AVAILABLE RECORDS
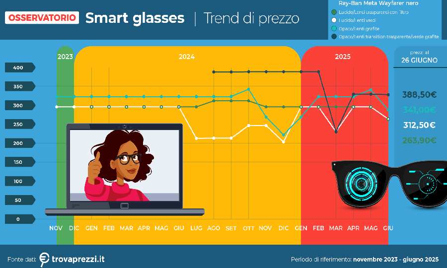 L'interesse crescente per i Ray-Ban Meta è confermato dai dati di Trovaprezzi.it, piattaforma leader in Italia per la comparazione dei prezzi. A partire da maggio 2025, le ricerche mensili relative a questi occhiali hanno registrato un aumento di oltre il 200% rispetto ai mesi precedenti, evidenziando una forte attenzione da parte dei consumatori. Su Trovaprezzi.it, i Ray-Ban Meta rappresentano quasi la totalità delle ricerche nella categoria degli smart glasses.
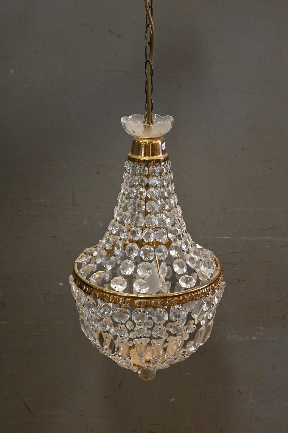 A CUT GLASS AND BRASS BASKET FORM CHANDELIER (AF UNTESTED) (102 CM DROP) (LEONARD JOEL DELIVERY SIZE: LARGE)
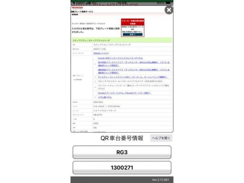 | Aina ya mwili | Van | Chasi hapana | RK5-102**** | Nambari ya mfano | RK5カイ | Mfano wa injini | -- | Usimamizi | Haki |
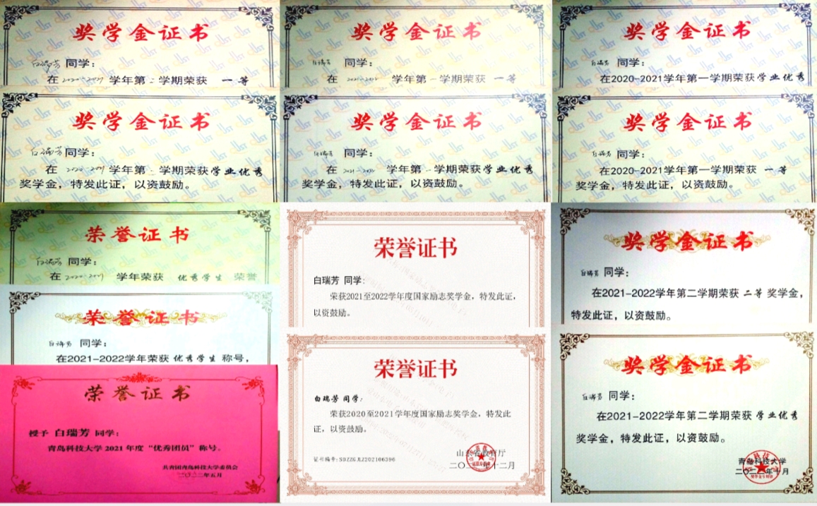 她深知科研的重要性,从大一开始就积极与专业课老师联系,进入实验室,学习相关实验操作方法和相关专业文献,在实验项目的重重阻碍中迎难而上。同时,紧跟学校科技创新的工作调度,重视科技创新的重要性,积极参与各项比赛,累计获国家级奖项4项,省市级奖项4项,校级奖项3项。
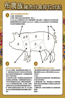 而現場「豬肉分食」是布農族非常具有代表性的文化之一,在傳統歲時祭儀中,豬認分食含有對天的感謝及慶祝儀式圓滿之意;族人會分工合作進行肢解與內臟清洗,處理過程十分嚴謹,豬肉分食是由同氏族之一同完成,是親屬團結的表現,展現布農族重視群體生活的觀念,在嬰兒祭中豬肉分食有回饋母親及親屬之意,這和布農族人重視家族親屬關係有關表示感恩。
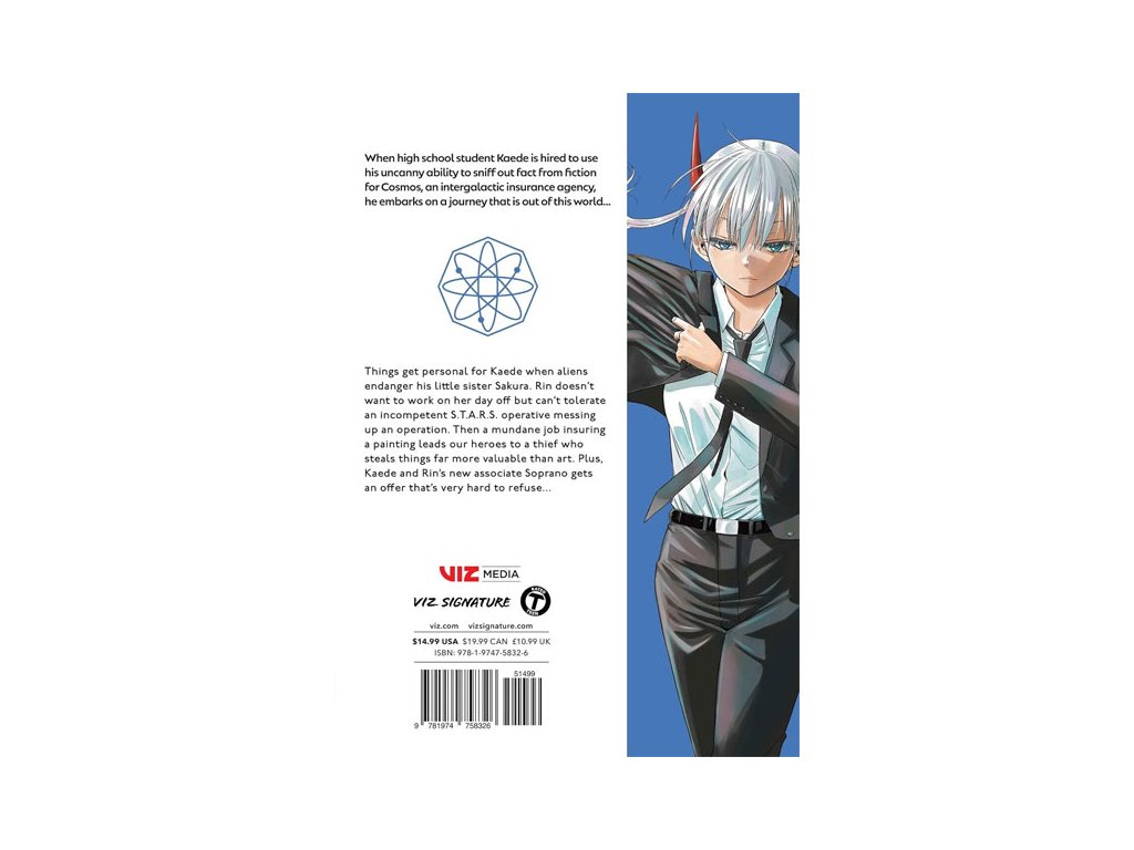 Sleduj Kaedeho v medzigalaktickej poisťovni, kde mimozemšťania a krádeže vecí, ktoré sú vzácnejšie než umenie! Ponor sa do 3. dielu sci-fi mangy Cosmos!
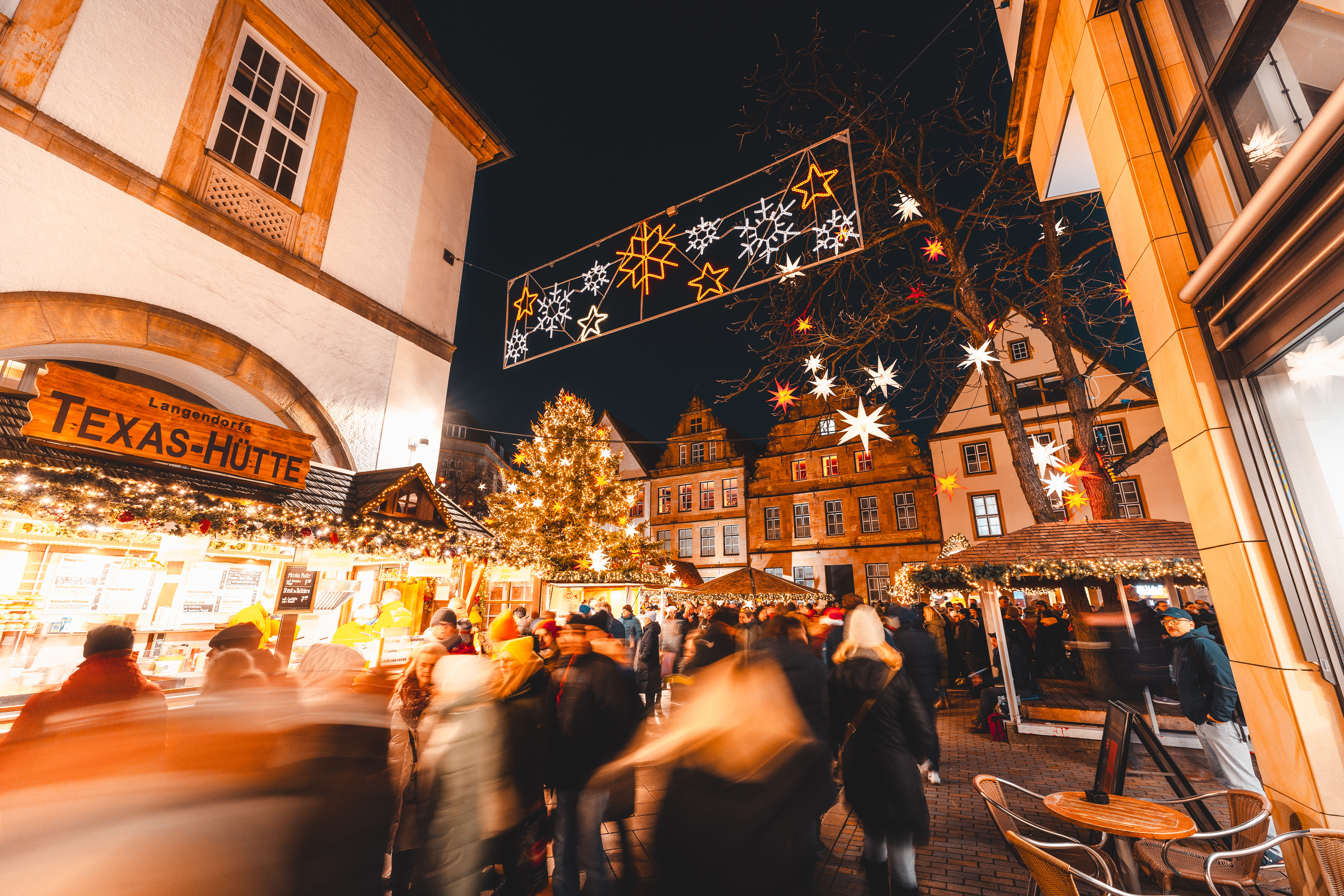 Für viele ist es die schönste Zeit im Jahr, wenn endlich wieder Weihnachtsmusik erklingt, geschmückte Tannenbäume leuchten und der Duft von Glühwein und gebrannten Mandeln durch die Straßen zieht. Zu erleben ist dies alles auf dem Bielefelder Weihnachtsmarkt, der zu den größten in Nordrhein-Westfalen zählt. In mehr als 110 liebevoll dekorierten Häuschen gibt es ein breites Angebot an Kunsthandwerk und winterlichen Leckereien zu entdecken, und nostalgische Karussells bringen Kinderaugen zum Leuchten. Auch in diesem Jahr wird wieder für jeden etwas dabei sein – zwischen dem stimmungsvollen Alten Markt im Herzen der Altstadt, dem rustikalen „Haus vom Nikolaus“ im Altstädter Kirchpark, dem charmanten Hüttendorf auf dem Jahnplatz mit der größten Weihnachtspyramide Nordrhein-Westfalens, den beliebten Glühweinständen in der Bahnhofstraße und dem geselligen Eisstockschießen auf dem Klosterplatz.
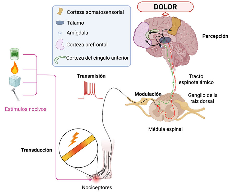 El dolor se percibe mediante neuronas específicas llamadas nociceptores, que son neuronas de alto umbral, capaces de discriminar entre estímulos inocuos y nocivos. Los nociceptores responden a estímulos nocivos químicos, mecánicos o térmicos. Existen dos tipos de neuronas que funcionan como nociceptores: fibras amielínicas C y fibras mielínicas de diámetro pequeño A𝛿. En ciertas condiciones, las fibras de diámetro grueso Aβ también funcionan como nociceptores. La diferencia principal entre los nociceptores es la velocidad de conducción y algunos marcadores moleculares distintivos. Estas neuronas se encargan de traducir los estímulos nocivos de cualquier tipo en potenciales de acción (señales eléctricas), que se conducen a lo largo del axón hasta la parte posterior de la medula espinal, donde hacen un primer relevo con neuronas de proyección, que a su vez conducen la información al tálamo. De éste surgen proyecciones que llevan la información a distintas áreas cerebrales que incluyen la corteza somatosensorial, amígdala, ínsula, corteza anterior del cíngulo y la corteza prefrontal, entre otras. La interacción con estas áreas combina el componente sensorial con un elemento afectivo motivacional para integrar la experiencia subjetiva del dolor (Figura 1).
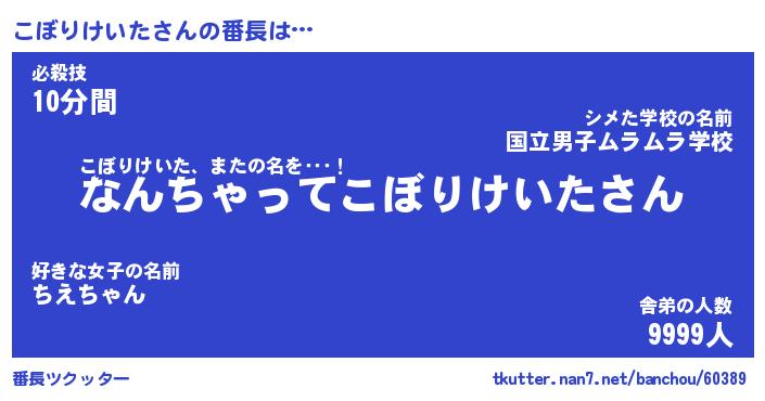 | ヒーロー風カッコイイあだ名 | 『スーパーコボリケイタ』『天弓騎士コボ』 |
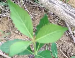 裂叶蓝钟花 叶互生,近革质,其形状、大小和分裂度多变,一般为倒披针形、倒卵状披针形或倒卵形,甚至为菱形,小的叶长仅约7毫米,宽约4毫米,大的叶长达3厘米,宽约1.2厘米,上部有大而钝的粗齿3-7 (9) 枚,基部长楔形或楔形,边缘稍反卷,两面均生短柔毛,下面较密,上面稀疏,后变无毛;具短柄或几无柄。
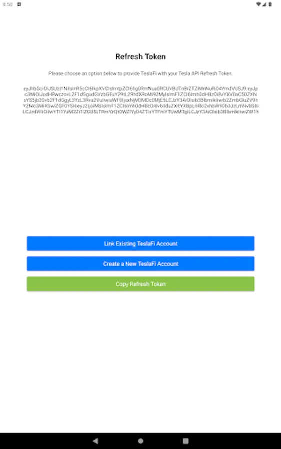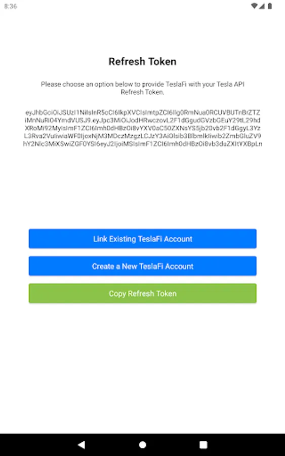 A TeslaFi app used to generate a Tesla API refresh token to link your TeslaFi.com account to your Tesla vehicle. This is only needed once during signup or if you need to relink your Tesla.com account due to a password change.
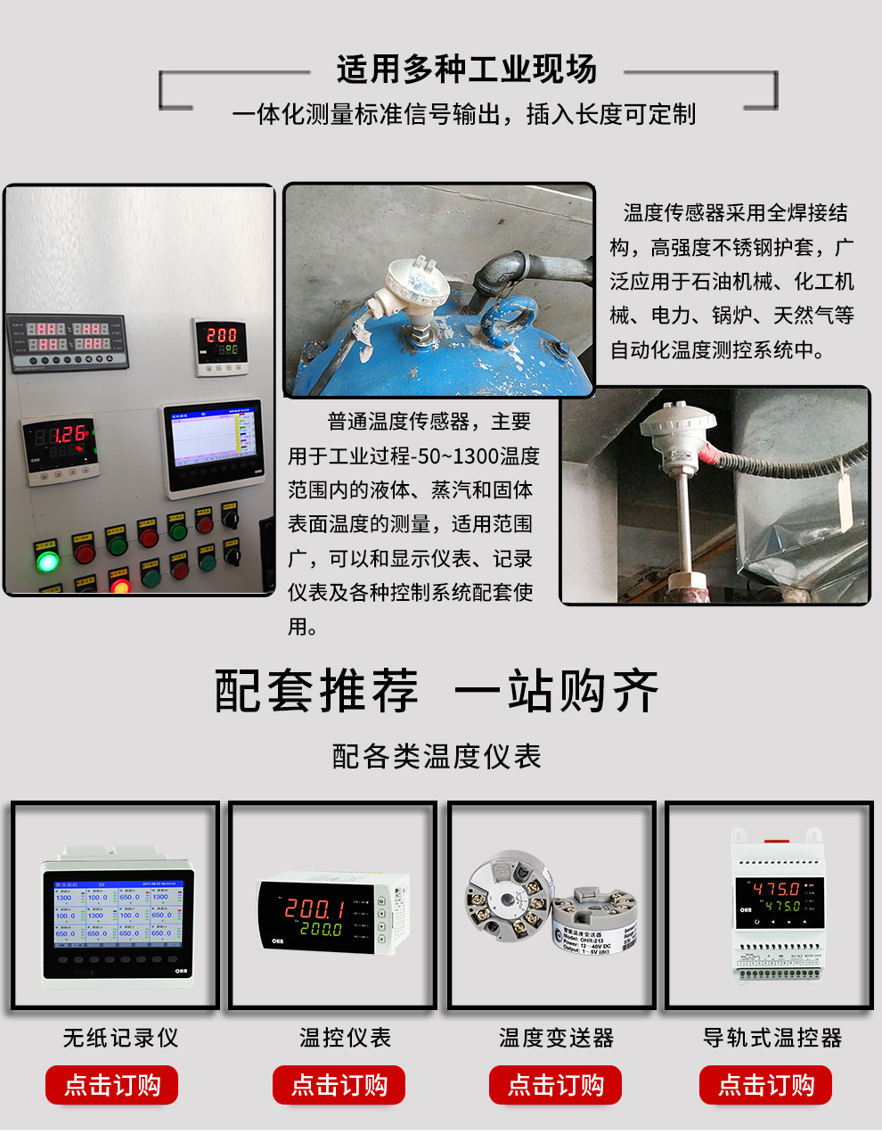 裝配式熱電阻熱電偶作為溫度測量傳感器,通常與溫度變送器、調(diào)節(jié)器及顯示儀表等配套使用,組成過程控制系統(tǒng),用以直接測量或控制各種生產(chǎn)過程中流體、蒸汽和氣體介質(zhì)以及固體表面等溫度。
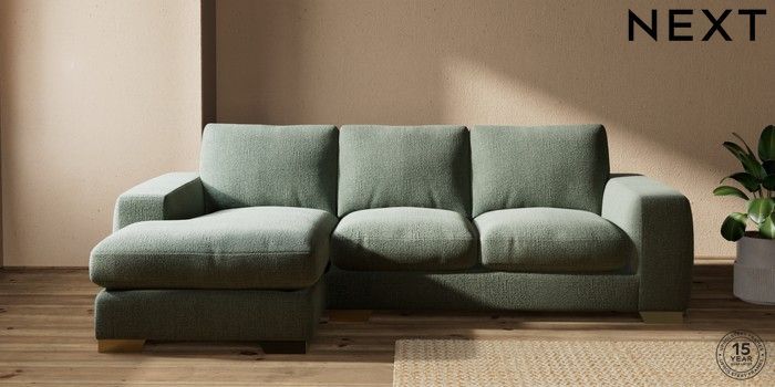 7.2.10 Houghton Deep Relaxed Sit Medium Sofa Chaise - Left Hand Chunky Texture Mid Forest Green Large Square Angle - Brushed Brass | Made Click here to use our website with more accessibility support, for example screen readers

GOAL OF THE EXERCISE
Write out nothing but the lines from the one with "A TeslaFi app" through the last line of the entries, exactly as they stand; pictures are not part of the copy.

SOLUTION FOR THIS TASK
 A TeslaFi app used to generate a Tesla API refresh token to link your TeslaFi.com account to your Tesla vehicle. This is only needed once during signup or if you need to relink your Tesla.com account due to a password change.
 裝配式熱電阻熱電偶作為溫度測量傳感器,通常與溫度變送器、調(diào)節(jié)器及顯示儀表等配套使用,組成過程控制系統(tǒng),用以直接測量或控制各種生產(chǎn)過程中流體、蒸汽和氣體介質(zhì)以及固體表面等溫度。
 7.2.10 Houghton Deep Relaxed Sit Medium Sofa Chaise - Left Hand Chunky Texture Mid Forest Green Large Square Angle - Brushed Brass | Made Click here to use our website with more accessibility support, for example screen readers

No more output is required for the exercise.